Question

A charged particle of mass \(1 \mathrm{~kg}\) and charge \(2 \mu \mathrm{c}\) is thrown from a horizontal ground at an angle \(\theta=45^{\circ}\) with speed $20 \mathrm{~m} / \mathrm{s}\(. In space a horizontal electric field \)\mathrm{E}=2 \times 10^{7} \mathrm{~V} / \mathrm{m}$ exist. The range on horizontal ground of the projectile thrown is $\ldots \ldots \ldots$ (A) \(100 \mathrm{~m}\) (B) \(50 \mathrm{~m}\) (C) \(200 \mathrm{~m}\) (D) \(0 \mathrm{~m}\)

Short answer

The range of the projectile for the charged particle in the presence of the electric field is \(100 \mathrm{m}\).

Step-by-step solution

Find the Vertical and Horizontal Components of Initial Velocity

We have the initial speed \(v_{0} = 20 \mathrm{m/s}\) and the angle of projection \(\theta = 45^{\circ}\). The components of initial velocity in the horizontal and vertical directions are: \[v_{0x} = v_{0} \cos \theta \] \[v_{0y} = v_{0} \sin \theta \] Find the values of \(v_{0x}\) and \(v_{0y}\).

Calculate Time of Flight

The time of flight for a projectile is the time taken for it to reach the ground again. Since the vertical component of velocity and acceleration are only affected by gravity, we can calculate the time of flight using this equation: \[t_{f}=\frac{2v_{0y}}{g}\] where \(t_f\) is the time of flight and \(g\) is the acceleration due to gravity (\(g = 9.81 \mathrm{m/s^2}\)). Calculate the time of flight.
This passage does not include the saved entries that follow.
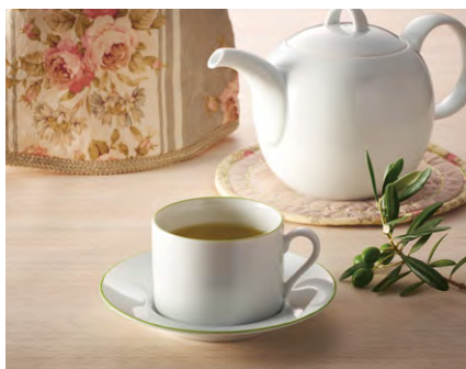
Shodoshima Olive Tea (Teapot)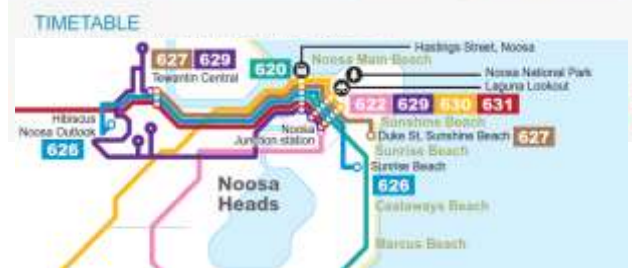
Noosa Bus Network

BYES: In rounds 1 to 5, up to 2 byes are permitted.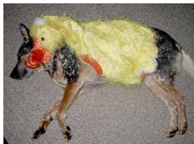
Click for larger image Duke and Duck take a catnap after the Humiliation at the Bridge.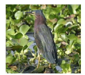
Before he got mad. . .

I finally get to see the <u>green</u> on this Little Green Heron! This guy evidently got mad at me for taking pictures of him, because he puffed up the feathers on his head and walked away!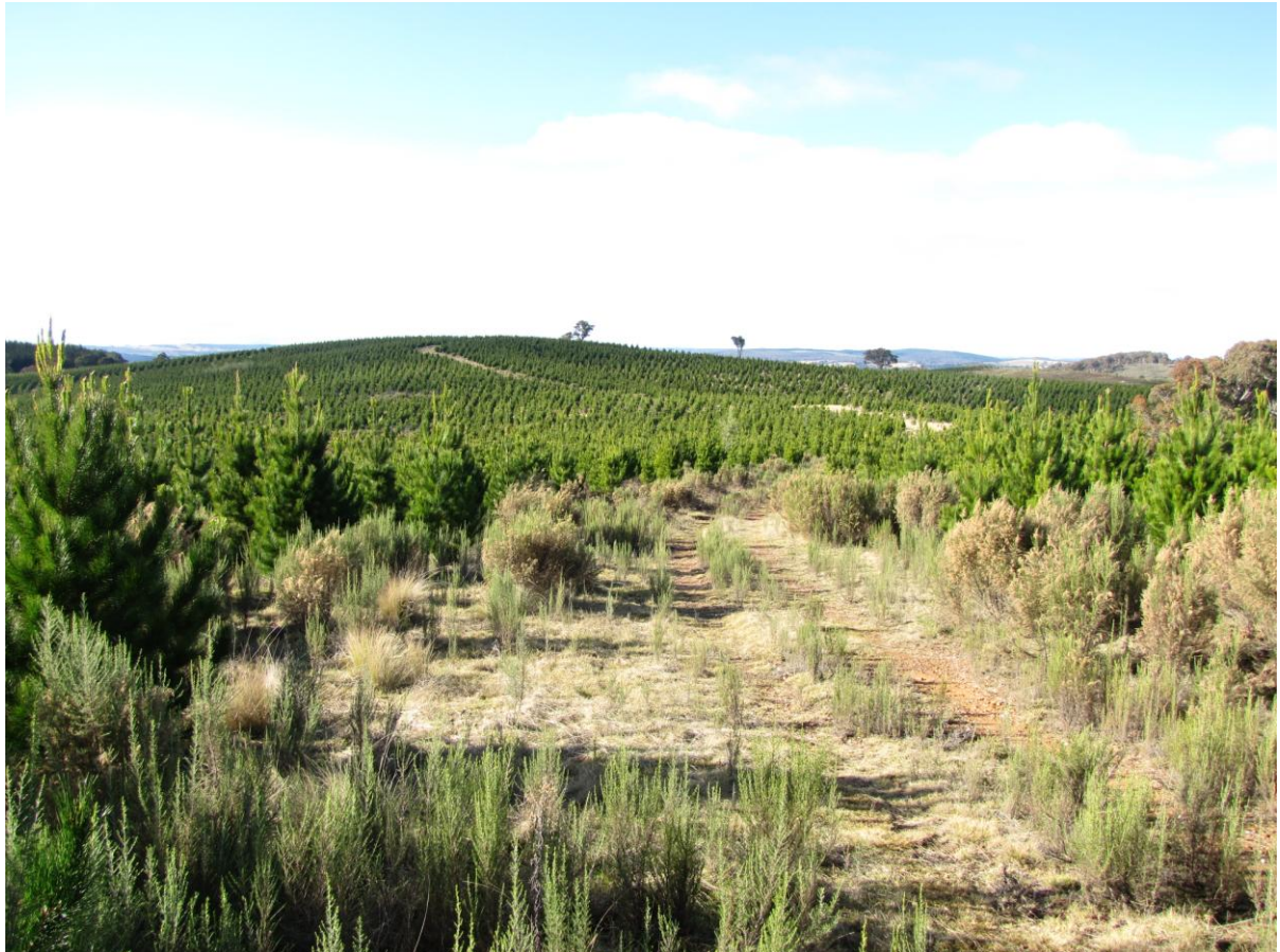
Wandalla 2009 age class showing excellent survival and form (July 2012)

Favourable growing conditions have supported good growth of seedlings. Survival levels remain excellent. A small area of the plantation is showing a potential deficiency in Magnesium/Potassium. Further investigations will be undertaken to verify the cause.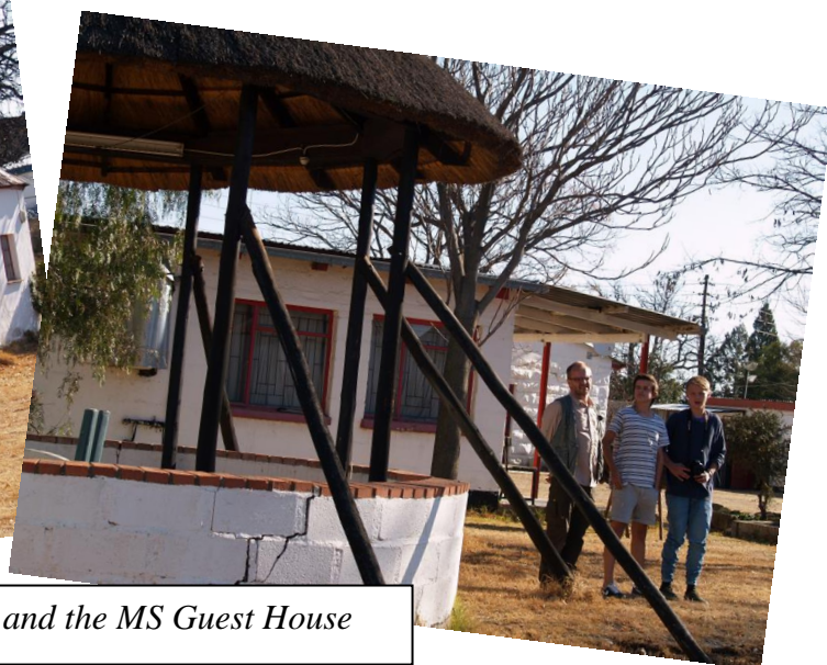
Mabile House and the MS Guest House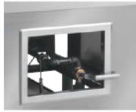
Knee level "L" shaped handle on jet burners conveniently adjusts gas keeping hands free for cooking.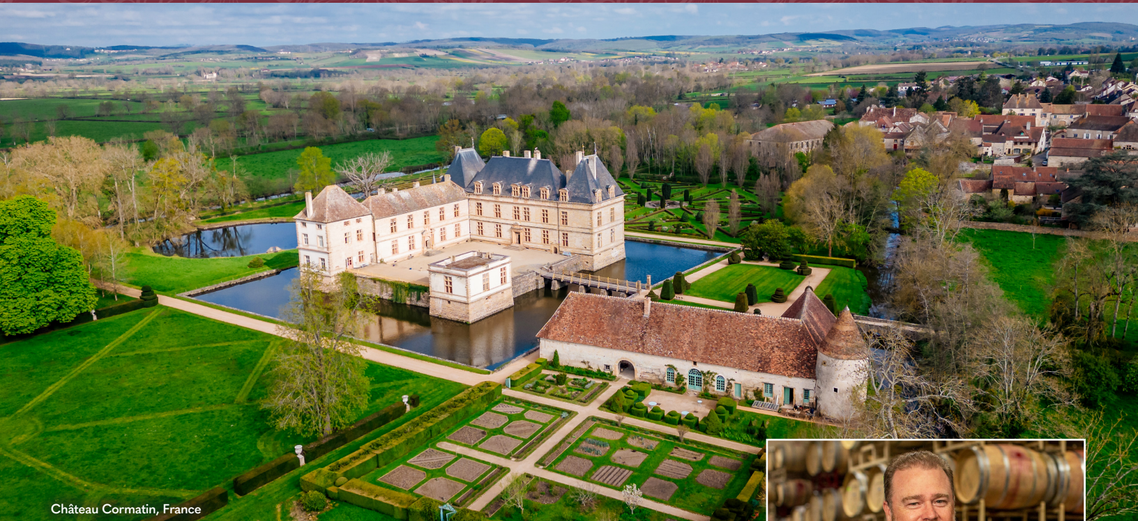
Château Cormatin, France

UNCORK LOCAL TRADITIONS, SAVOR INTENSE FLAVORS AND ENJOY PALATE-PLEASING ADVENTURES DURING AN AMAWATERWAYS WINE CRUISE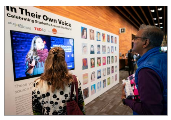
Facing Difference, TED 2018 Self-portraits for youth peace building — TEDEd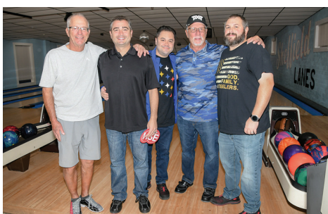
Team Pin Pals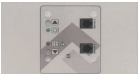
Clearly structured control panel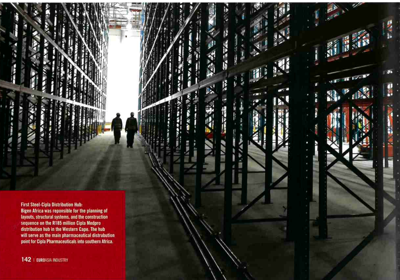
First Steel-Cipla Distribution Hub: Bigen Africa was responsible for the planning of layouts, structural systems, and the construction sequence on the R185 million Cipla Medpro distribution hub in the Western Cape. The hub will serve as the main pharmaceutical distribution point for Cipla Pharmaceuticals into southern Africa.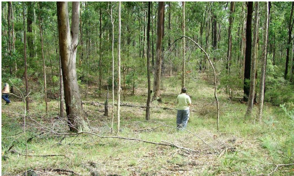
Plate P2: Transect 1, looking east. The two Aboriginal representatives are located on either side of one of the drainage lines within Precinct 1. Note the lack of a defined creek in this area.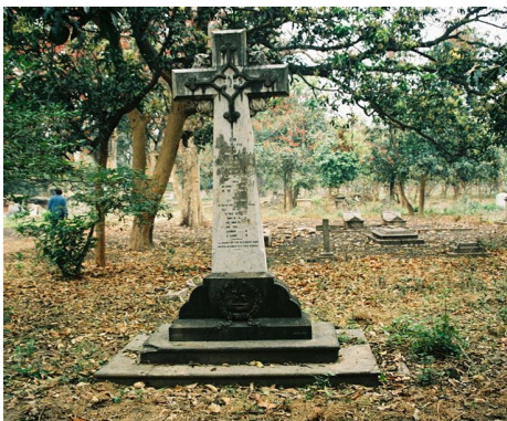
Memorial to the 87 men, women and children of the 1 st Battalion The Buffs who died in the cholera epidemic of 1867. Meerut, India.

Did you know that BACSA is the only established organisation looking after the many hundreds of former European cemeteries, isolated graves and monuments in the area from the Red Sea to the China Coast? The Commonwealth War Graves Commission's remit only covers graves from the two World Wars.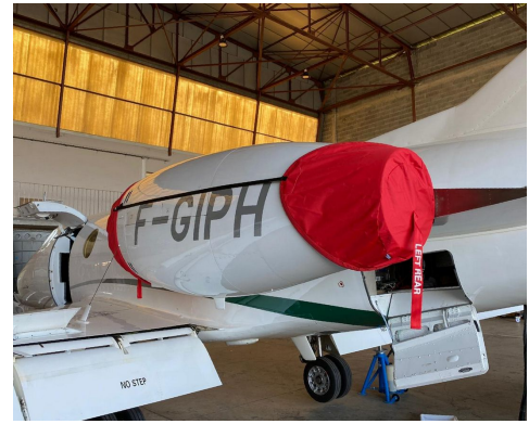
Falcon 10 Engine Covers, no TR's

Find Vertical Force and Acceleration Due to Electric Field

The electric field influences the charged particle with a force in the vertical direction: \[F_{y} = Eq\] where \(E\) is the electric field, \(q\) is the charge of the particle, and \(F_{y}\) is the vertical force. In this case, \(E = 2 \times 10^{7} \mathrm{V/m}\) and \(q = 2 \times 10^{-6} \mathrm{C}\). Next, calculate the acceleration in the vertical direction due to this force: \[a_{y} = \frac{F_{y}}{m}\] where \(a_y\) is the vertical acceleration and \(m = 1\mathrm{kg}\) is the mass of the particle. Calculate the value of \(a_{y}\).

Adjust the Time of Flight in the Presence of Electric Field

Since there is an upward acceleration due to the electric field, the time of flight will be affected. The adjusted time of flight can be calculated by finding the effective gravitational acceleration in the presence of the electric field: \[g_{eff} = g - a_{y}\] Now compute the new time of flight with the effective gravitational acceleration: \[t_{f_{eff}} = \frac{2v_{0y}}{g_{eff}}\] Calculate the adjusted time of flight \(t_{f_{eff}}\).

Calculate Range of the Projectile

The range of the projectile is the horizontal distance traversed during the time of flight. In the presence of the electric field, it can be calculated using: \[R_{eff} = v_{0x} \cdot t_{f_{eff}}\] Determine the range \(R_{eff}\) and compare it to the given choices. The solution should provide the correct range for the charged particle in the presence of the electric field.